One of my favourite pieces in her London Calling column for The Home is about a London nightclub:
“Breathless and excited, we leave at last about half-past one, though the club is still in full swing. Putting on our cloaks, we glance out through the cloak-room window, which gives on to the fire escape. As we look the club’s French chef steps out on to it from the kitchen for a breath of air between relays of bacon and eggs. He is about fifty, tall and sturdy – the light from the window touches his rugged face, brown and droll, beneath his high snowy cap. As the music throbs out to him his brown eyes light up with a charming and child-like pleasure, the spoon in his hand begins to beat time, his shoulders to jog, his feet to shuffle – a minute more and he is dancing an ecstatic pas seul.
Oh oh!
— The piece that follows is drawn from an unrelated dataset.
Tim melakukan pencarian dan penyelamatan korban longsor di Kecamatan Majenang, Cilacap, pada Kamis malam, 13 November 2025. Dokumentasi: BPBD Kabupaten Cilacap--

It was fun inside. Great fun. But if ever in a dreary moment I want to call up a picture of the whole joy of life concentrated into a single figure – then I shall think not of the dancers inside the club, but of you dear Frenchman, dancing and laughing alone there on a fire escape under the stars.”
Return to Australia
On the couple’s return to Australia, Curlewis continued to write. Some of her later articles for The Home are entitled From an Australian Sketchbook – being further notes from the pages of a Philosophic Diarist. One of her last publications (if not the last) that can be found on Trove is a poem entitled The World Lover published in Art in Australia. It is a sad poem about lost love.
“Jean Curlewis’s later years were spent in a family cottage at the Blue Mountains and in private hospitals where she died from the disease she had fought for almost a decade.” When I read about Brenda (from The Ship That Never Set Sail) walking the streets late at night in the Blue Mountains with her brother and her friend Lloyd, I wondered if Jean thought about her too, back in the Blue Mountains too ill to leave her bed.
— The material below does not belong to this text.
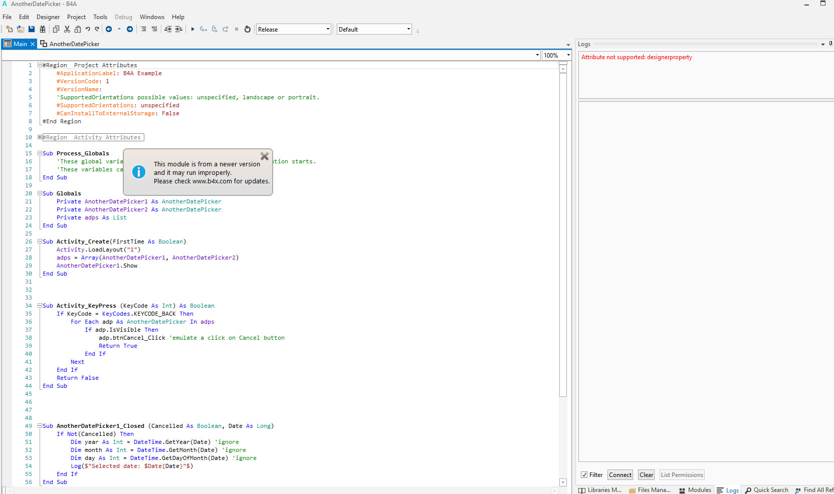 at b4a.example.anotherdatepicker._addtoactivity(anotherdatepicker.java:146)

Her early death was such a loss to Australian literature. I can’t help wondering, still, what other novels she might have gone on to write.
Debbie Robson lives on the NSW Central Coast. She is the the author of Tomaree, a WWII love story set in Port Stephens, New South Wales, Australia and Crossing Paths: the BookCrossing novel.
Thanks for introducing me to Jean Curlewis and her work, Debbie. I’m very familiar with the settings of her novels and like the idea of reading an alternative to the usual “bush” focus. How sad she died so young!